## WHAT YOU HAVE TO DO
Without the pictures, retype each line below exactly as it stands.

## SUPPLIED MATERIAL
[Start of section]

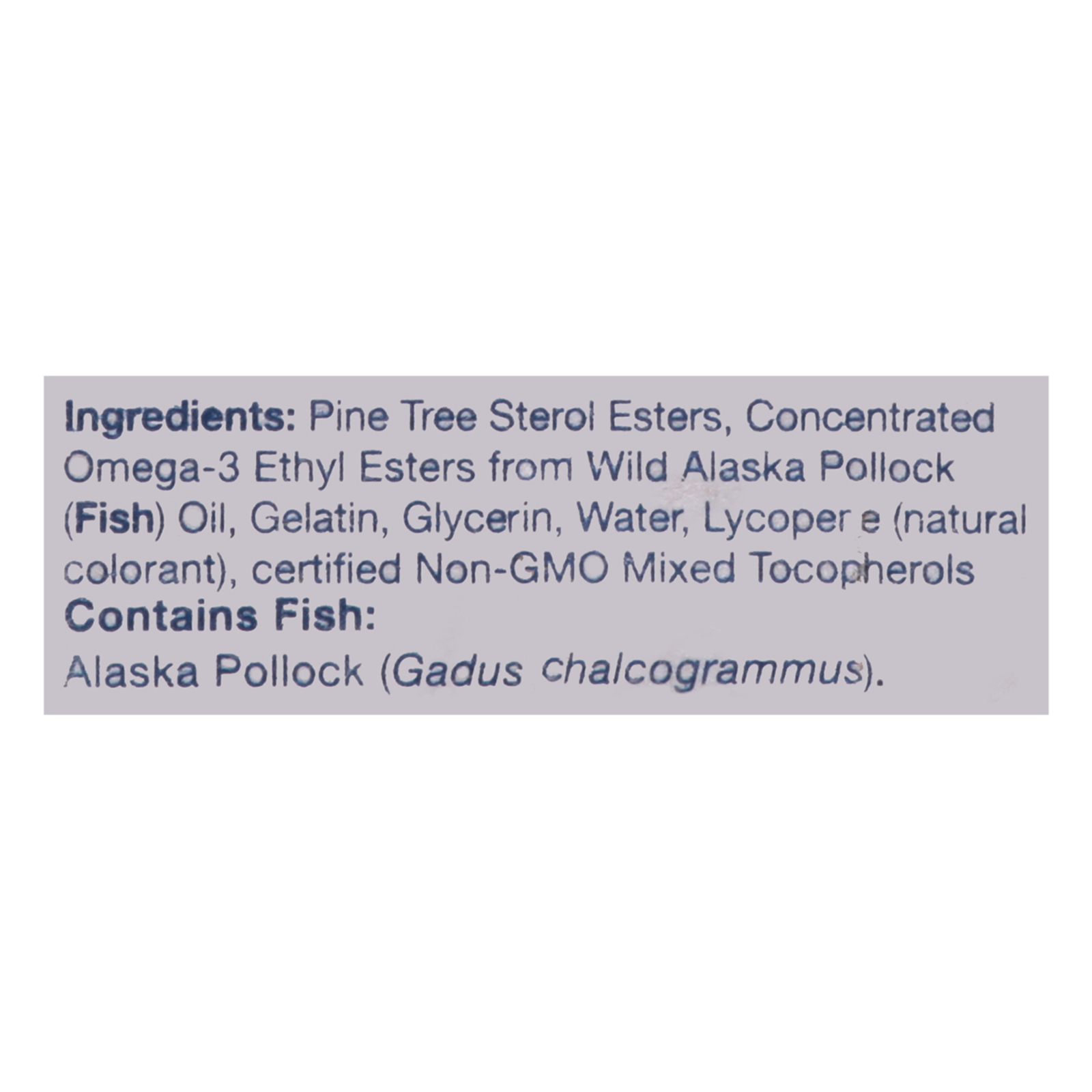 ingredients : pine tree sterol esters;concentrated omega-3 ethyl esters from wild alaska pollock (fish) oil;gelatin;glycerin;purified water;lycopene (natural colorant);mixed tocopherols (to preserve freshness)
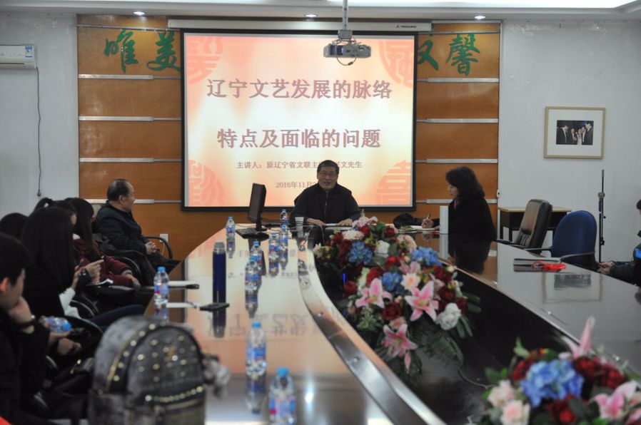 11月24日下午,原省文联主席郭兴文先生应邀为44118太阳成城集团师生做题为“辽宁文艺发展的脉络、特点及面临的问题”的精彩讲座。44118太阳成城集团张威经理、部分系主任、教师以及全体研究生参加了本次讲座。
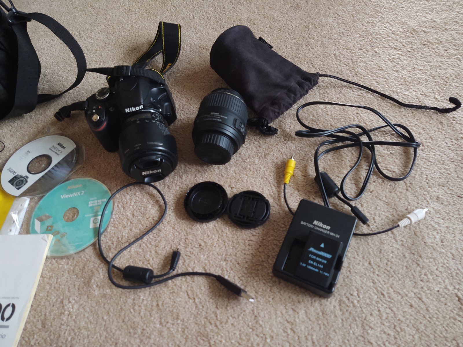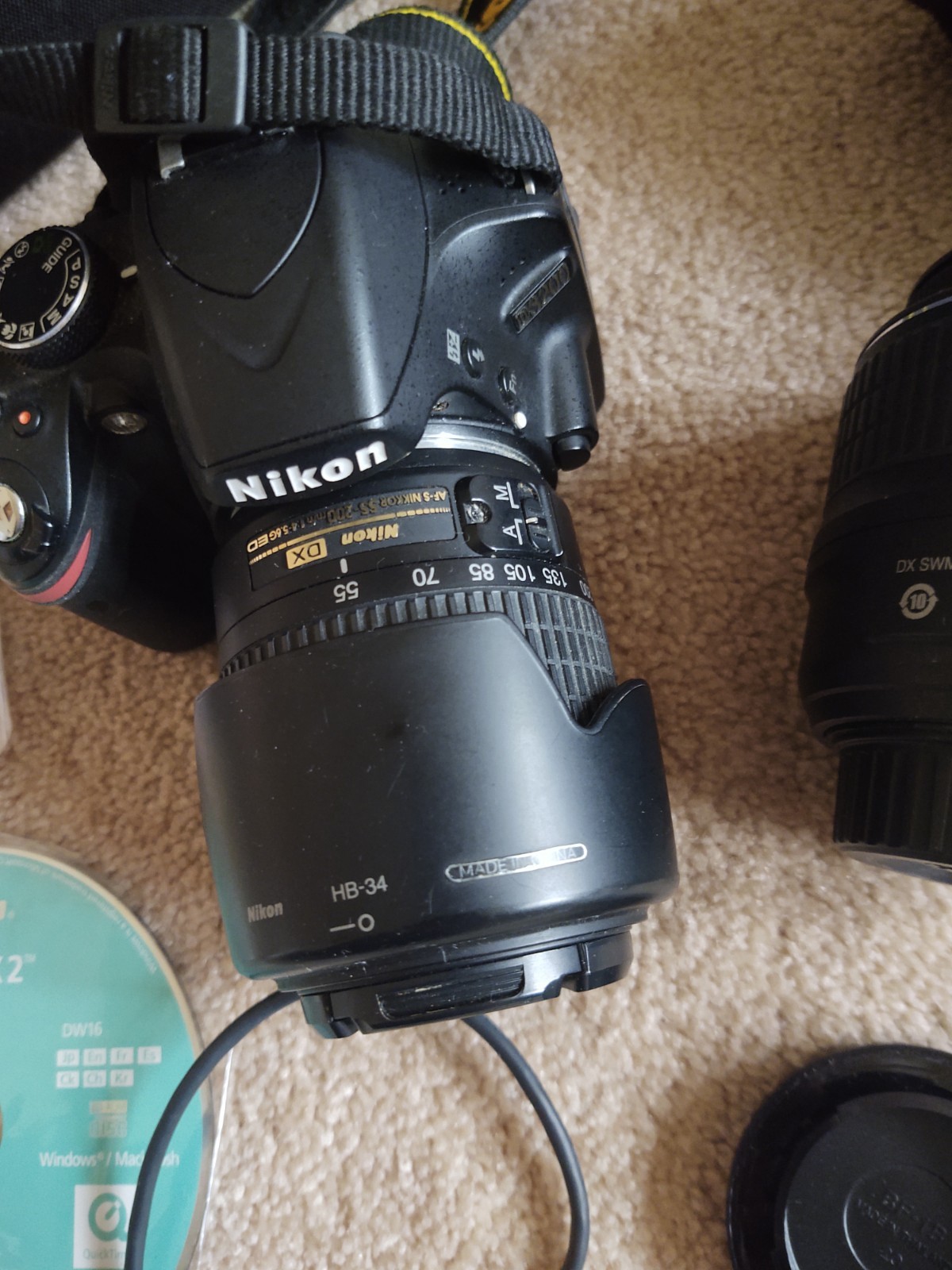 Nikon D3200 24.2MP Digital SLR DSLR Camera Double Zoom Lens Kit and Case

[End of section]

## RESPONSE BOX
 ingredients : pine tree sterol esters;concentrated omega-3 ethyl esters from wild alaska pollock (fish) oil;gelatin;glycerin;purified water;lycopene (natural colorant);mixed tocopherols (to preserve freshness)
 11月24日下午,原省文联主席郭兴文先生应邀为44118太阳成城集团师生做题为“辽宁文艺发展的脉络、特点及面临的问题”的精彩讲座。44118太阳成城集团张威经理、部分系主任、教师以及全体研究生参加了本次讲座。
 Nikon D3200 24.2MP Digital SLR DSLR Camera Double Zoom Lens Kit and Case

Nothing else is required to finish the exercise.